Compiled & Edited by Crosswalk Editorial Staff

Religion Today Summaries - Sept. 5, 2006

Daily briefs of the top news stories impacting Christians around the world.
 
In today's edition:

  • Thousands to Join Global Day of Action for Darfur
  • Nuns Prove God is Not Figment of the Mind
  • Texas Baptists Name Woman to High-Profile Policy Post
  • Prominent Assyrian Christian Leaves Iraq. Says Work Situation “Intolerable”

Thousands to Join Global Day of Action for Darfur

This month, thousands of people across dozens of cities worldwide will take part in the largest campaigning day for peace in Darfur since the start of the conflict, the World Evangelical Alliance has announced. The Christian Post reports campaigners are urging those taking part in the Global Day of Action for Darfur on Sept. 17 to call on their governments to do more to protect civilians in the troubled region of Sudan. "This will be a chance for people across the globe to show that they care about Darfur,” said Jill Savitt, Campaign Director of Human Rights First, one of the organizations coordinating the events. Sept. 17 marks the one-year anniversary of the United Nations’ pledge to provide security for civilians around the world.

Nuns Prove God is Not Figment of the Mind

The idea that there a "God spot" in the brain, a circuit of nerves which could explain mankind's almost universal belief in a deity, is questioned today by a study of Carmelite nuns, The London Telegraph reports.

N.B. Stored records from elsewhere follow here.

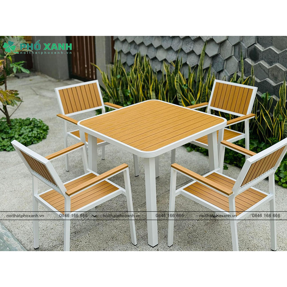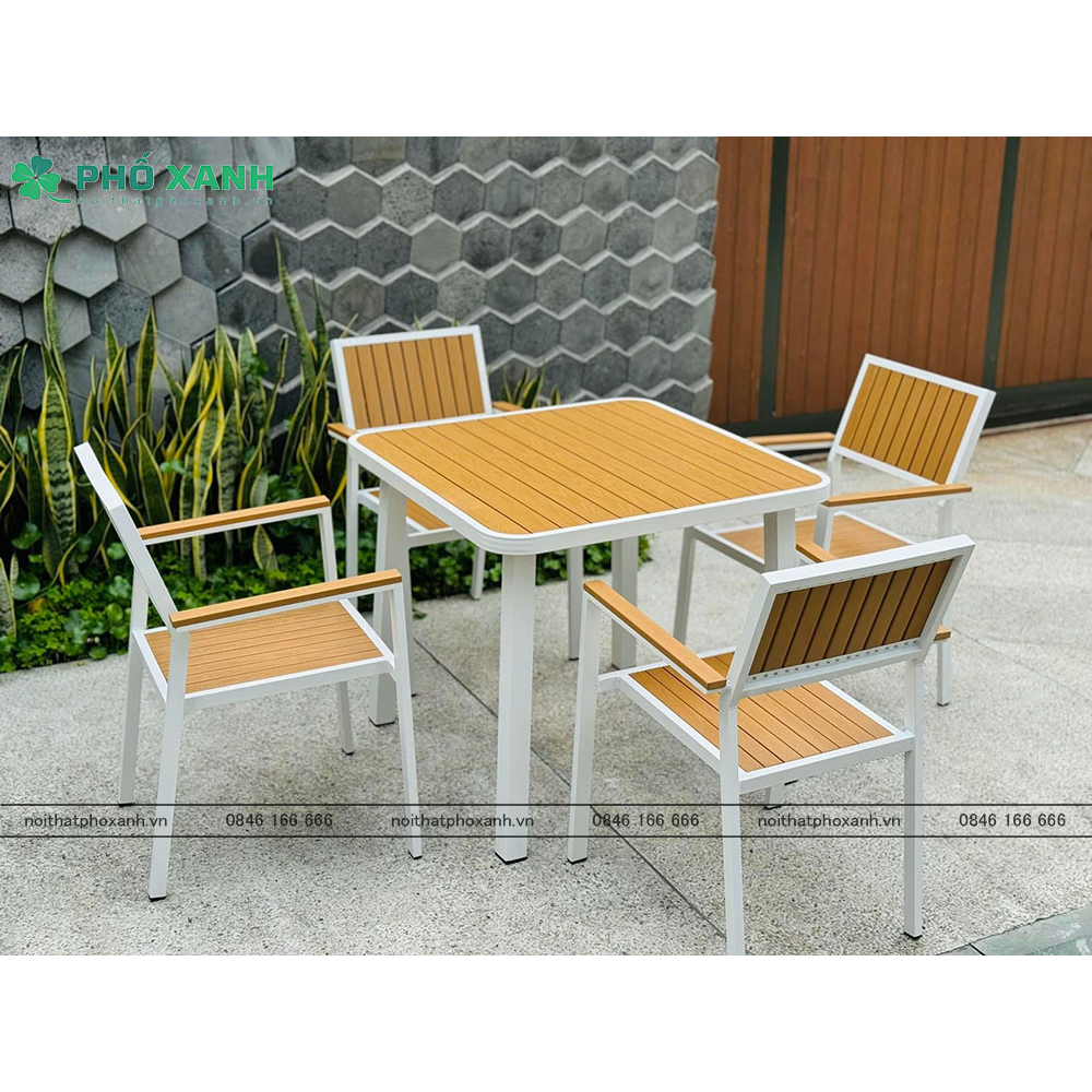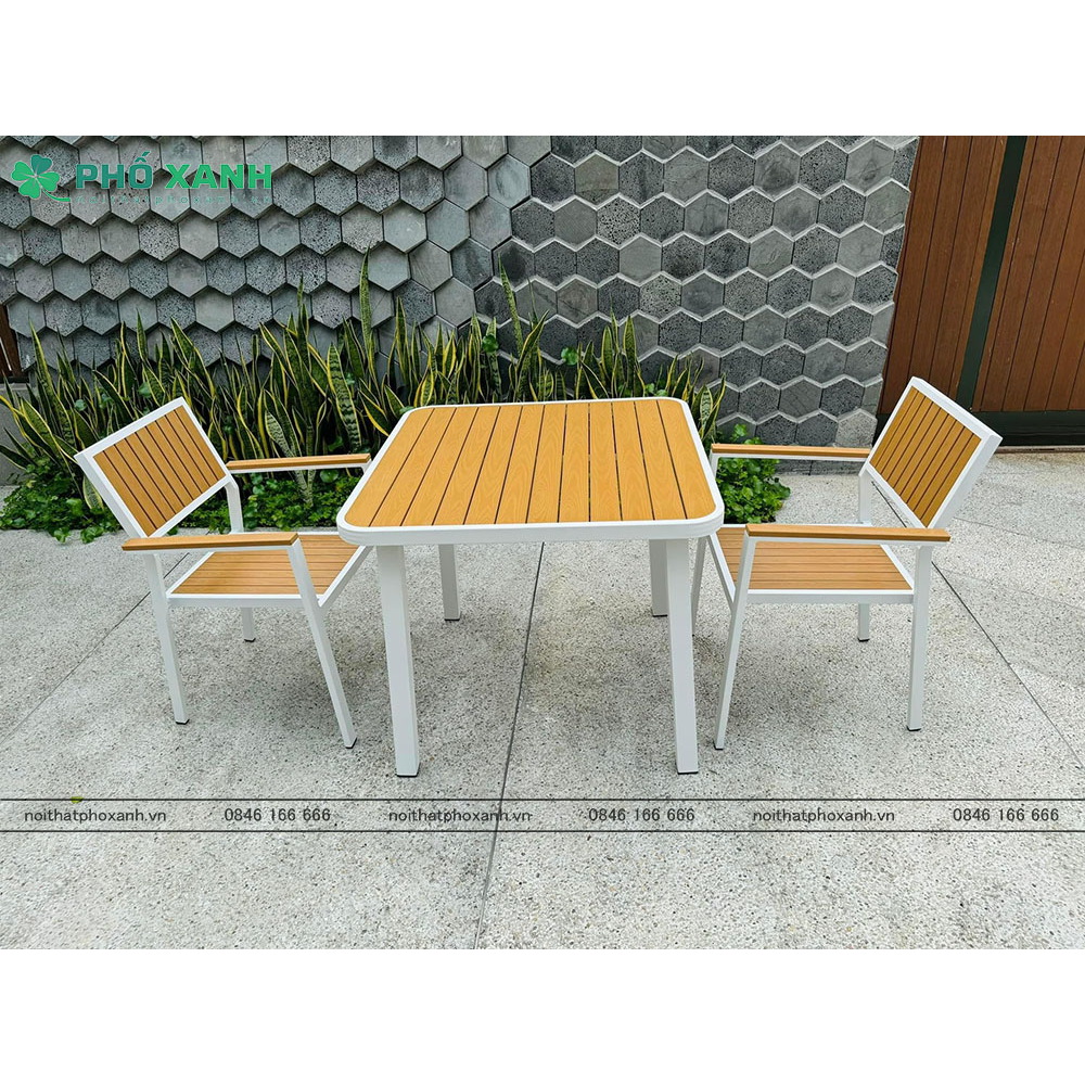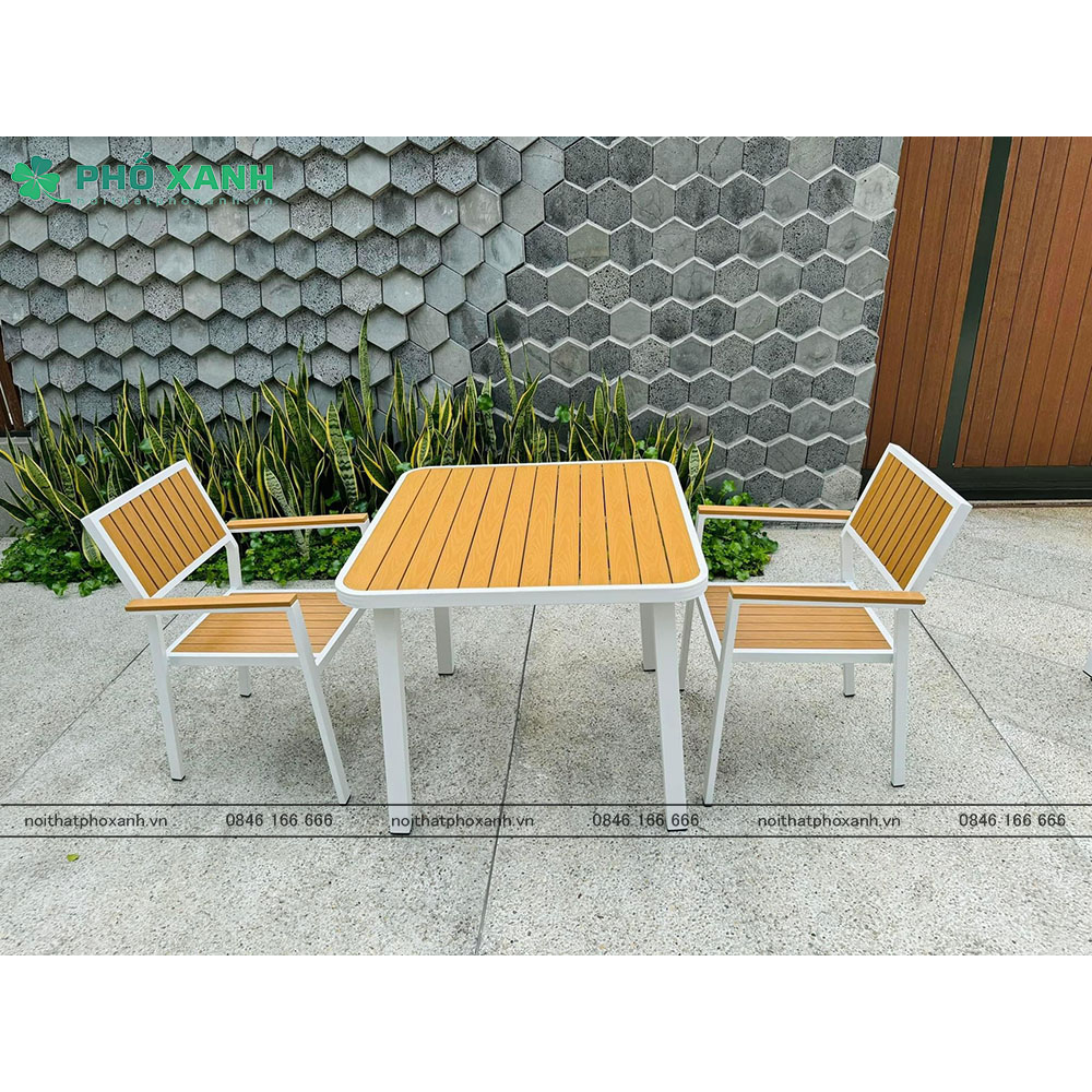 Chất liệu hợp kim nhôm đúc và sơn tĩnh điện kết hợp với Composite (Polywood) tạo nên sự bền bỉ và chắc chắn cho sản phẩm. Không chỉ có khả năng chống mài mòn, chịu nhiệt tốt, bộ bàn ghế còn dễ dàng vệ sinh và bảo quản. Màu sắc và kiểu dáng hiện đại của sản phẩm giúp tạo điểm nhấn cho không gian, đồng thời tạo cảm giác thoải mái cho người sử dụng.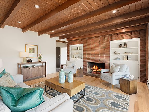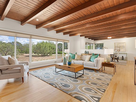 Set apart from the ordinary and just 2.5 miles from the Santa Fe Plaza, this striking custom Stamm home blends classic Northern New Mexico pitched-roof architecture with timeless Santa Fe charm. Sited on a generous 0.70-acre lot with expansive views of the foothills and Ortiz Mountains, this home offers a rare sense of space and privacy — all while keeping you close to the heart of town. Thoughtfully renovated throughout, the main residence features three bedrooms, wood floors, and a warm, wood-plank ceiling with exposed beams. The living room centers around a charming brick fireplace flanked by custom bookcases, and the stylish kitchen boasts cool glass tile backsplash, great gas cook top, ample storage, and even a wood burning fireplace for ambiance. The sunlit primary suite includes California Closets and a beautifully modern bath with a large walk-in shower. A fully operational photovoltaic solar system helps keep energy costs low. A standout feature of the property is the detached 750-square-foot studio — complete with its own 100-amp service, ¾ bath, soaring ceilings, custom wrought iron doors, and an upstairs loft (not included in the listed square footage). Whether you're an artist, entrepreneur, or simply seeking bonus flex space, this studio delivers. Recent improvements include a Propanel roof, new Anderson windows, high efficiency tankless water heater, remodeled bathrooms, new tile and wood flooring, updated kitchen countertops (2024), all-new interior lighting (2023), and fresh paint throughout (2025). This is a one-of-a-kind offering that feels private and peaceful — yet is mere minutes from galleries, dining, and all the cultural vibrancy of downtown Santa Fe.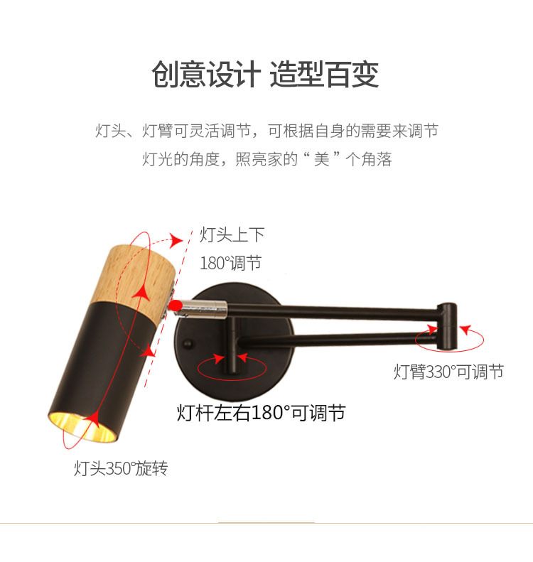 北欧卧室摇臂壁灯日式客厅创意伸缩长杆长臂折叠床头墙壁阅读墙灯 投诉

Scientists in the emerging field known as "neurotheology" have been in the pursuit of the brain processes involved in the Christian notion of mystical union with God. However, a new study published in the journal Neuroscience Letters has found that a "God module" in the brain is a mirage. The study does not, according to Dr. Mario Beauregard, "confirm or disconfirm the existence of God." Fifteen cloistered Carmelite nuns of varying ages were subjected to brain MRIs while being asked to relive a mystical experience, rather than actually try to achieve one. Rather than reveal a spiritual center in the brain, the study demonstrated that a dozen different regions of the brain are activated during a mystical experience.

Texas Baptists Name Woman to High-Profile Policy Post

The Baptist General Convention of Texas has named the first female director of its public policy agency. The Christian Post reports Suzii Paynter replaces the longtime director of the Christian Life Commission, Phil Strickland, who died in February. She served as the commission's citizenship and public policy director for five years and has been interim director since March. "Suzii exemplifies the qualities and the passion of the CLC's great leaders," said Charles Wade, executive director of the convention. "She has demonstrated the ability to serve as CLC director, historically one of the most prestigious positions in Texas Baptist life." The moderate, Dallas-based Baptist General Convention of Texas has about 2.5 million members and has become increasingly distant in recent years from the conservative Southern Baptist Convention.

Prominent Assyrian Christian Leaves Iraq. Says Work Situation “Intolerable”

ASSIST News Service reports a leading Assyrian Christian has left Iraq. Ken Joseph of www.assyrianchristians.com, said by e-mail that Donny George, president of The State Board of Antiquities and Heritage, was described by many as a barometer of how things were progressing in Iraq. Joseph said that George, well known for his work preserving the Baghdad Museum, of which he was also director, described his situation as “intolerable”. “The board has come under the increasing influence of al-Sadr – the party founded by the radical Muqtada al-Sadr. I can no longer work with these people who have come in with the new ministry. They have no  knowledge of archaeology, no knowledge of antiquities; nothing,” he said speaking from Damascus to Art News. Joseph said that George also commented on what he called the dramatic increase in a radical Moslem and anti-western environment. Joseph said that in a meeting with the U.N. Director for Human Rights in Baghdad, he and others were given a clear message. He claimed the individual said, “My job is to protect the rights of the Moslems. Christians should leave.” As a result, Joseph said that he and his colleagues immediately left the office.